Following a renewal of Turkish-Russian relations, Turkey has taken a diplomatic stance regarding the Syrian conflict, warning against serious consequences if the five-year civil war is not resolved. Turkish Deputy Prime Minister Numan Kurtulmus warned this week that the Syrian proxy war between the U.S. and Russia could lead to worldwide conflict between the two powers.

If the proxy war continues, after this, let me be clear, America and Russia will come to a point of war,” the Deputy Prime Minister stated.

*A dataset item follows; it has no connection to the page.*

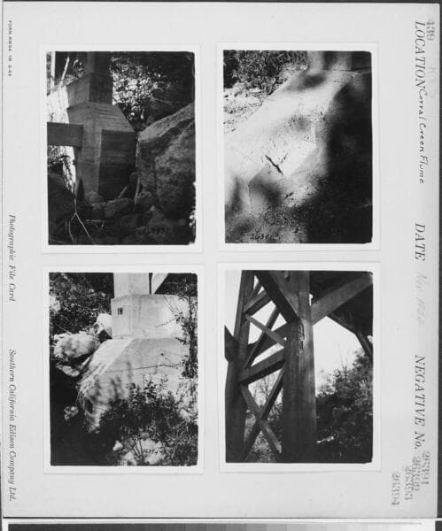 Kern River No. 3 - Corral Creek Flume - Footing 3E - [plus three similar flume shots: (#25630, #25631 & #25632) on same photocard.].
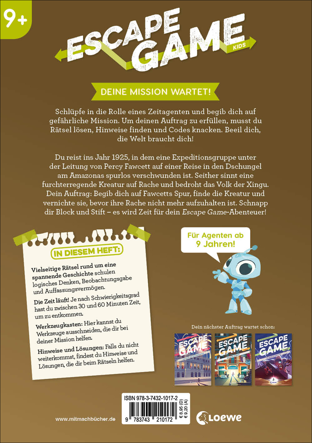 | Schlagworte | Beschäftigungsbuch Mitmachbuch • Bücher wie Mission: Exit • Bücher wie X-Scape • Escape Room Buch • Escape Spiel Buch • Gehirnjogging Gehirntraining Kinder • Geschenk für Kinder ab 9 Jahren • Kinderbeschäftigung ab 9 Jahre • Kinder zuhause beschäftigen • Mitmachbücher für Kinder ab 9 Jahre |

However, Russia and Turkey continue to hold different views regarding what a resolution of the Syrian conflict might look like. The Deputy Prime Minister called Syrian president Bashar al-Assad a “pawn” before arguing his removal from power is necessary for long lasting peace, the Independent reported. Russia is unlikely to accept this proposal anytime soon.

Turkey’s support for jihadists, including ISIS militants, is extensive and well-documented. Because of this, and the fact the NATO member still calls for Assad’s removal, the extent to which Turkey will refuse to participate in the formation of a global conflict between Russia and the U.S is increasingly unclear.

It could simply be the case that Turkey’s warnings are merely a warning to Russia — especially in light of the fact that due to its NATO alliance, Turkey will be forced to back up the United States in a global conflict between Eastern powers and Western powers.

Further, Turkish president Recep Tayyip Erdogan’s hawkish stance on Middle Eastern affairs was confirmed this week when he told the Iraqi president to “know his place.” This flagrant disregard for international law came in response to Iraq’s stance that they do not want Turkish assistance in their upcoming offensives, which are intended to retake Mosul from ISIS. In fact, Iraq boldly requested that Turkish troops leave Iraqi territory some time ago, but Turkey refuses to listen, further indicating Turkey looks to expand its regional influence.

Meanwhile, Iran has moved its warships to the coast of Yemen following attacks on Houthi rebel positions by the United States military. The move is reportedly intended to patrol the Gulf of Aden, which is one of the world’s most important shipping routes.

Everything appears to be in place for a worldwide military confrontation. Whether or not Turkey’s warnings are genuinely intended to seek resolution, one would hope they do not go unheeded.